--- Study material ---

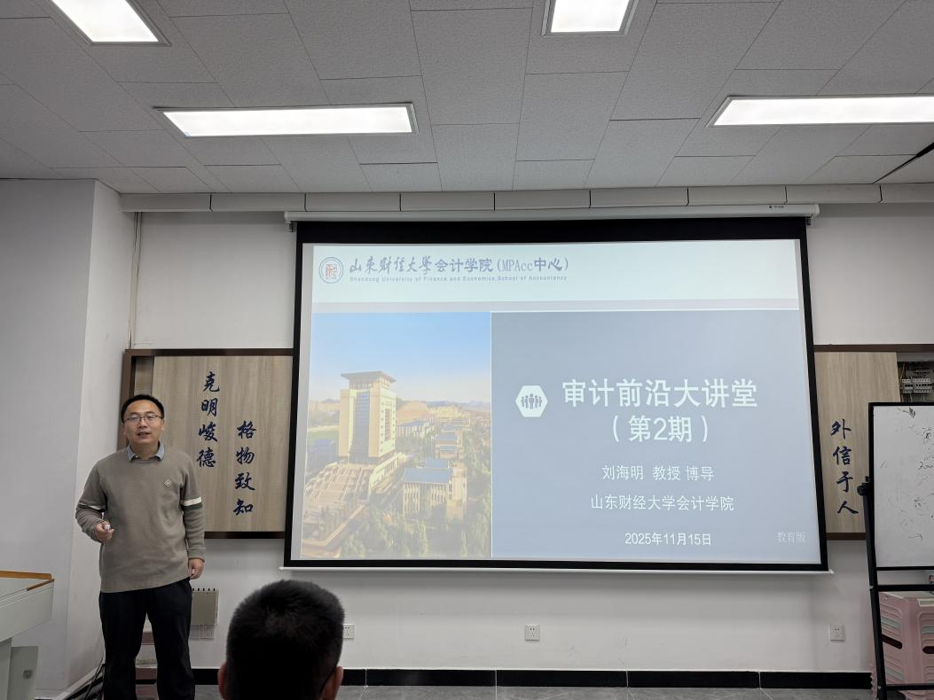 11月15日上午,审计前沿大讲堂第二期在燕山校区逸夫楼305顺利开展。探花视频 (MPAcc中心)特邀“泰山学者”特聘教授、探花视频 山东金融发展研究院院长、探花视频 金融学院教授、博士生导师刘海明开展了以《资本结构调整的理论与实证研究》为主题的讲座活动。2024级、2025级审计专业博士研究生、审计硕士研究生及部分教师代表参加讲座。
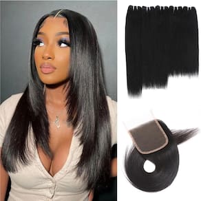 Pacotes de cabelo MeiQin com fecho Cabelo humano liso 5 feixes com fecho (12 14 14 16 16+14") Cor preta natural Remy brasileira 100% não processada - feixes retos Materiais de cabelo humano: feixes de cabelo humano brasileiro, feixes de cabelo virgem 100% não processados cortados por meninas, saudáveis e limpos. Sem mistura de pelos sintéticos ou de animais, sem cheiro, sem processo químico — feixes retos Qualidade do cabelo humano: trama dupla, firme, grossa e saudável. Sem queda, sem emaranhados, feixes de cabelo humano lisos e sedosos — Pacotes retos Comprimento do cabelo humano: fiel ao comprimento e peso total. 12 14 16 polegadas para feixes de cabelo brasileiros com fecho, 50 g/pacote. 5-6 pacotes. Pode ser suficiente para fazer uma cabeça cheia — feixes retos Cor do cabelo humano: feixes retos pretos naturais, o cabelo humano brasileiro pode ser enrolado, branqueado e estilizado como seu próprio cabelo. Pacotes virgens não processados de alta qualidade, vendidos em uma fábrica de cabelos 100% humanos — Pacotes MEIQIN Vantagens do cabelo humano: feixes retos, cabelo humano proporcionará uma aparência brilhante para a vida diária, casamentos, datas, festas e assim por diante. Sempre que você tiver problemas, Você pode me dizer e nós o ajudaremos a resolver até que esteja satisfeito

---
--- Study material ---

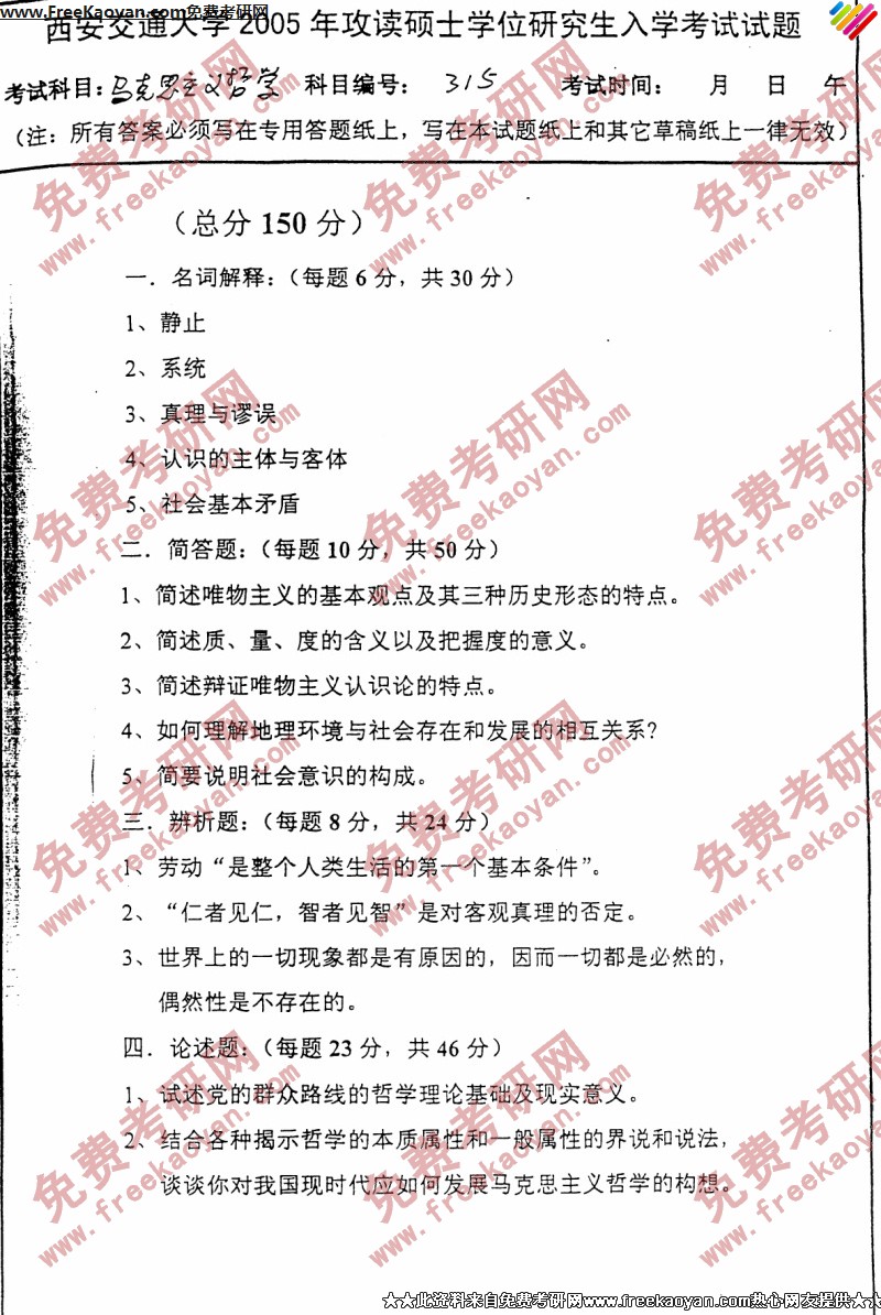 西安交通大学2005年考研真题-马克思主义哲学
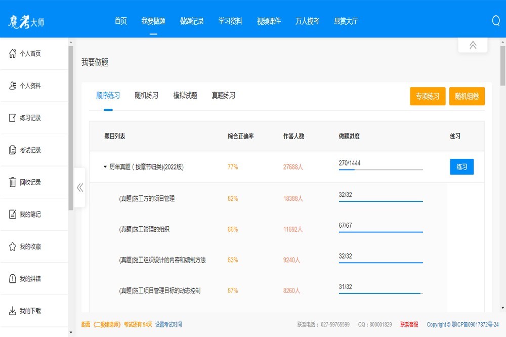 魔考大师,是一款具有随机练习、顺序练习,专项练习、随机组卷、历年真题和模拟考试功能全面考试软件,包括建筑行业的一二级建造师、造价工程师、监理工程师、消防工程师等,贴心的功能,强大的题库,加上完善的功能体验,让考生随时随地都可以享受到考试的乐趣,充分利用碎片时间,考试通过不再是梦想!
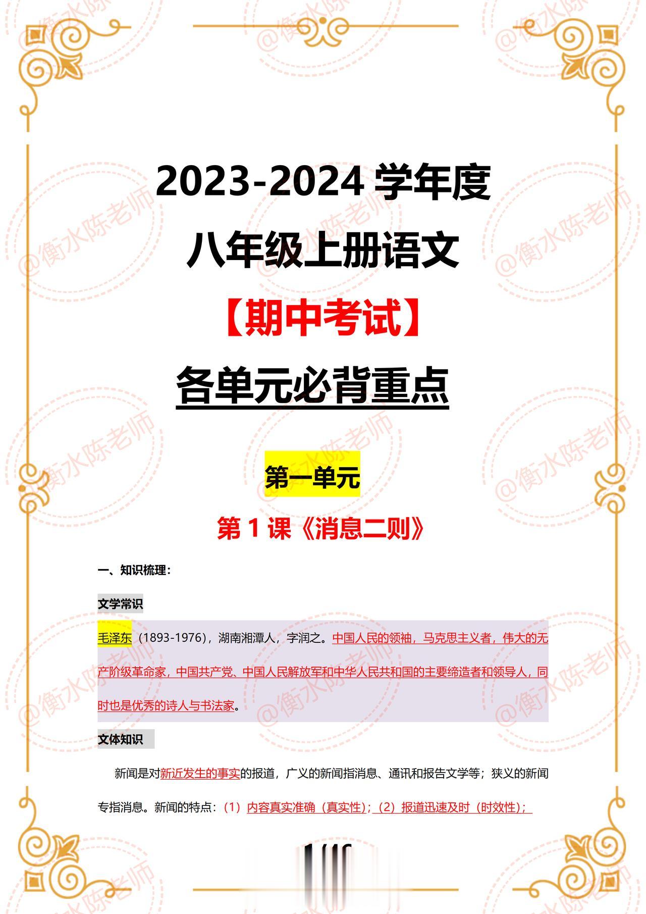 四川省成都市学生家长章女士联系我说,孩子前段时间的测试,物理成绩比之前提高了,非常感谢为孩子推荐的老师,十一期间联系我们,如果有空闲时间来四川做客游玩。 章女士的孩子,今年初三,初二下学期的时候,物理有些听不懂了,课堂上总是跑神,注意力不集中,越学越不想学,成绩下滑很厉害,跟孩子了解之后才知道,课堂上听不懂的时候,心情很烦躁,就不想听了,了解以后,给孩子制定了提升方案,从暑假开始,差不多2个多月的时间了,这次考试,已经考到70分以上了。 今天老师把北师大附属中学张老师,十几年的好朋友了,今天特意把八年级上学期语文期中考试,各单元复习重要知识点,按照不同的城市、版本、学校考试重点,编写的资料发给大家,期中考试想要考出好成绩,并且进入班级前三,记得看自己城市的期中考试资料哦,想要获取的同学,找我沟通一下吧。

---
--- Study material ---

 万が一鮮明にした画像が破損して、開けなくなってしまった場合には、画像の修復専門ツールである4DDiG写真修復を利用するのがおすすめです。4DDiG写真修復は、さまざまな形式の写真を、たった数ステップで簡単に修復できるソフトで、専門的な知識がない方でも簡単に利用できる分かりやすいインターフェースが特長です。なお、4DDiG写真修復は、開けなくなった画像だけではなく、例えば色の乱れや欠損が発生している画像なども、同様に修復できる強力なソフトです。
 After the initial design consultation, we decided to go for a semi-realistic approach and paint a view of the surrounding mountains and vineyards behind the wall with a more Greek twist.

---

_Work request_
From the records above, extract exactly and only the lines that begin at the line with "万が一鮮明にした画像が破損し" and stop after the line with "After the initial".

_Task result_
 万が一鮮明にした画像が破損して、開けなくなってしまった場合には、画像の修復専門ツールである4DDiG写真修復を利用するのがおすすめです。4DDiG写真修復は、さまざまな形式の写真を、たった数ステップで簡単に修復できるソフトで、専門的な知識がない方でも簡単に利用できる分かりやすいインターフェースが特長です。なお、4DDiG写真修復は、開けなくなった画像だけではなく、例えば色の乱れや欠損が発生している画像なども、同様に修復できる強力なソフトです。
 After the initial design consultation, we decided to go for a semi-realistic approach and paint a view of the surrounding mountains and vineyards behind the wall with a more Greek twist.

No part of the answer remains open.